Laugh at me while you can. The last laugh is mine, for it is my stainless steel table you will lie on. The water that flushes away your blood and offal and the last perspiration you ever perspired will be charged to my bill. We’ll see how you like it then when there’s no one left in the round world to snigger to.

At the Bellystretcher he seated himself next to a pair of oldtimers in overalls and denim jumpers and ordered his coffee. He nodded to the two men and they gave him back little nods so distant as to barely qualify as greetings. A fierce anger perpetually ached in him but he’d learned to bank it. The living are capable of revenge the dead cannot exact. He just went back to sugaring his coffee.

He had a horror of people but he’d learned to control this too. All he had to do was imagine them naked and dead on his table with the pump humming their blood away and he’d be able to hold his own.

But on this morning one of the old men would not let him be. He kept sniffing the air ostentatiously and nudging the other oldtimer in the ribs, and after awhile he said, Somethin sure does smell sweet.

The other nodded. Flowers damn sure in bloom somewhere, he said. Breece pretended he didn’t hear him.
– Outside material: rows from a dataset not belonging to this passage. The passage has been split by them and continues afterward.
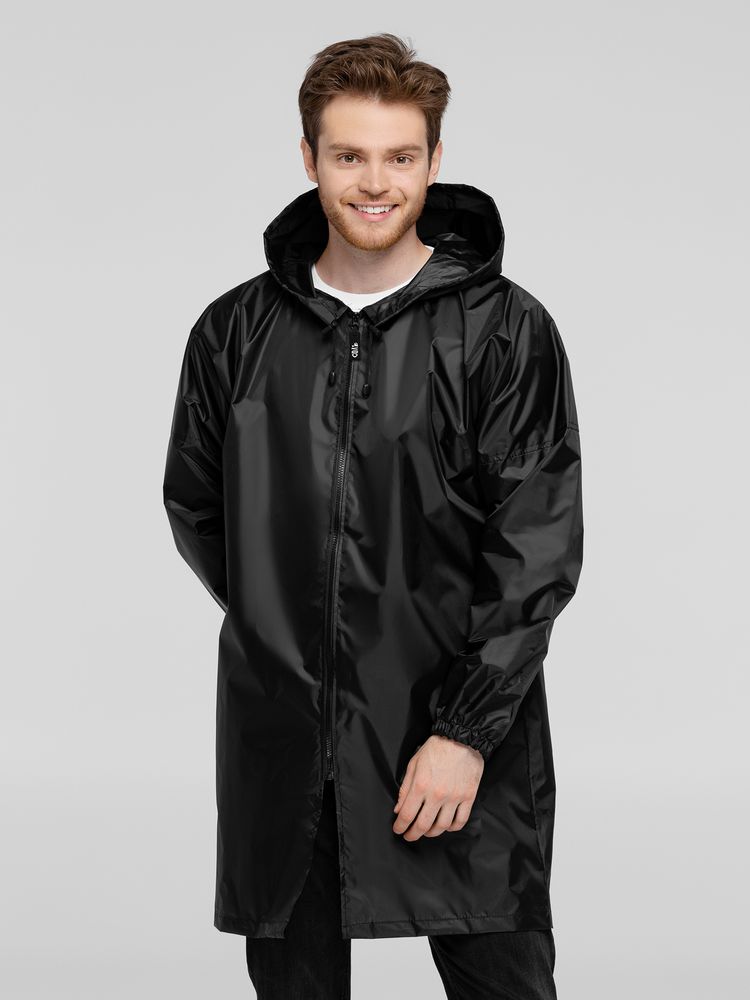Плащ-дождевик из ткани таффета на молнии с капюшоном. Складывается в мешочек — удобно брать с собой.
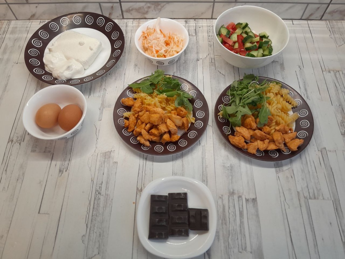 Составляя меню на определенное количество калорий, важно помнить, что чем проще блюда, тем проще его соблюдать. Вот как может выглядеть простое меню на 1300 ккал/ день. Для стандартизации порции используется кружка вместимостью 300мл Макароны и мясо разделяем на 2 приема. Если многовато, то можно и на 3. Тоже самое с творогом. Вместо макарон можно взять любой другой гарнир.
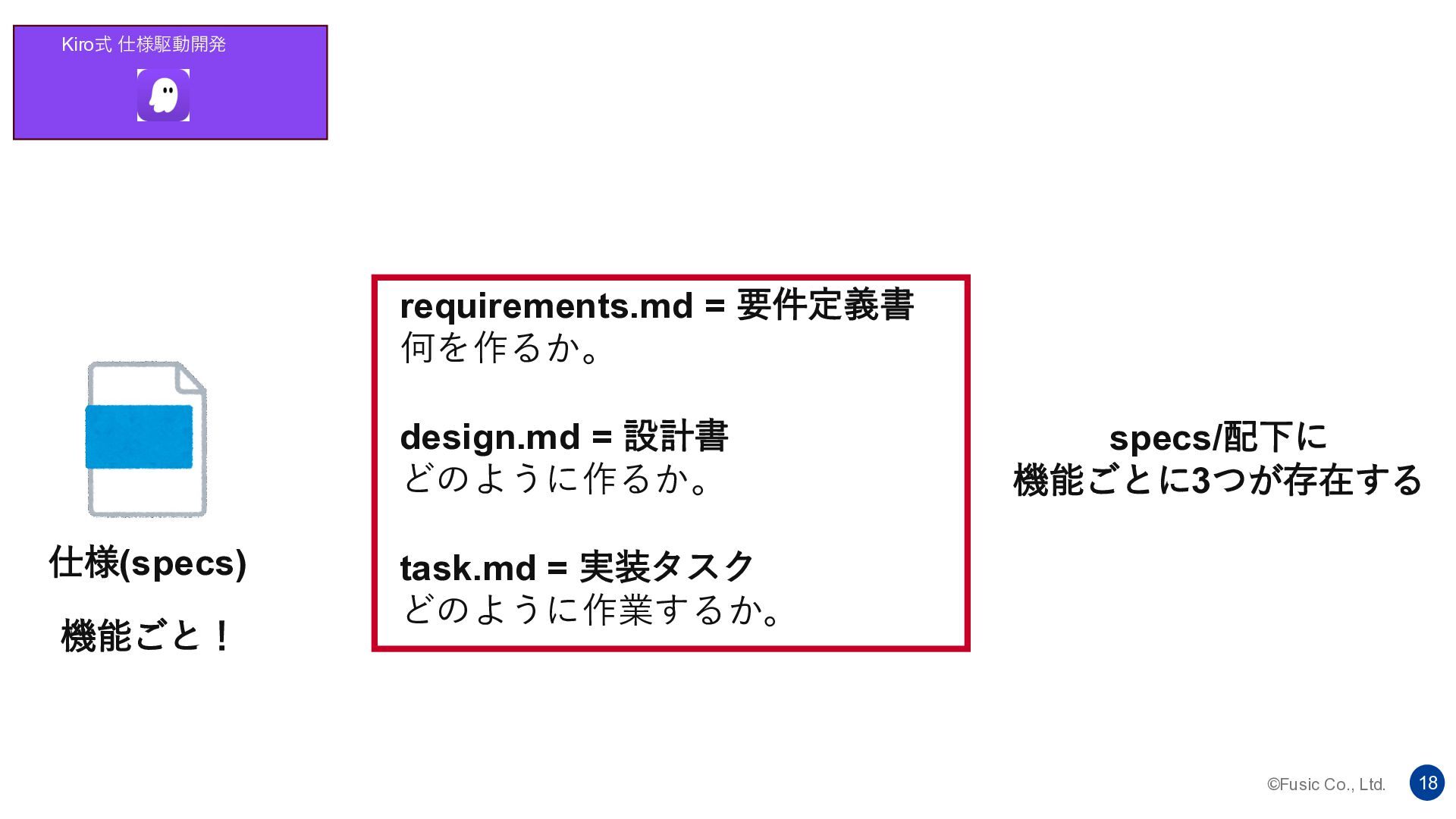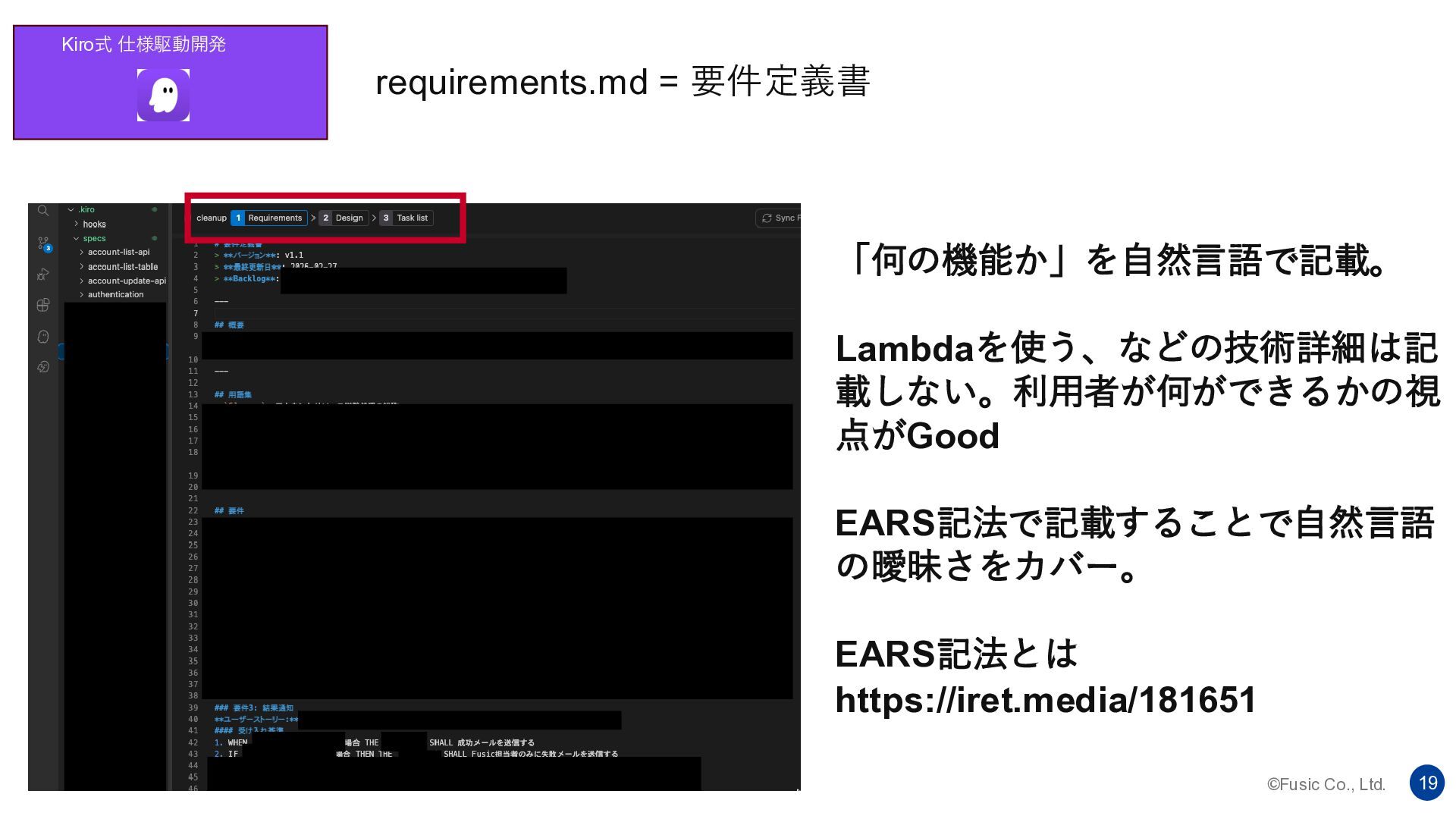 ©Fusic Co., Ltd. 18 仕様(specs) Kiro式 仕様駆動開発 specs/配下に 機能ごとに3つが存在する requirements.md
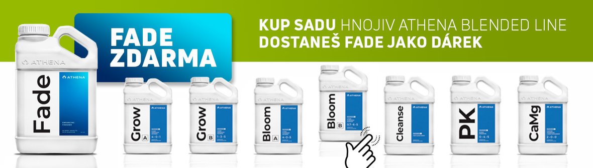 Ve spolupráci s renomovaným výrobcem hnojiv ATHENA jsme pro vás připravili speciální akci. Ke každé sadě kapalných hnojiv Athena Blended Line nyní obdržíte zdarma přípravek Fade, určený pro závěrečnou fázi pěstování.

The man said, Somebody sure does smell good in here.

Breece turned to face him. He dreamed the old man’s face ashen and slackjawed, the rheumy eyes dry and staring.

Well, it’s obvious it’s not you, he said conversationally. You smell like cow shit and Sloan’s liniment.

It took all he had to say it. He commenced drinking his coffee though it was so hot it almost scalded his throat. The man next rose with his coffee and moved a few stools down. Breece finished his coffee and set the cup down hard. He laid too much money on the counter and rose and went out. The door closed behind him and the small bell chimed once and ceased.

You best leave him alone, Shorty, one of the men called. He ain’t just right in the head. One of these days he’s going to pull out a sawedoff shotgun about a yard long and put you to sleep. Then he’ll drag you by the hair of the head up the street to his parlor and embalm your dead ass.

Hell, I didn’t do nothin, Shorty said. The truth shall set you free. He did smell good. Put me in mind of an old gal off Tom’s Creek I used to go with.



It rained for four more nights and Tyler and his sister opened as many graves. These were nights of cold winter drizzles and sullen heavens with no one about and they felt perhaps rightly that the dark belonged to them. She seemed possessed by this folly. He’d begun to think her mad. Had begun to accept that this madness had infected him as well. For they both by now moved in a peculiar detachment from reality.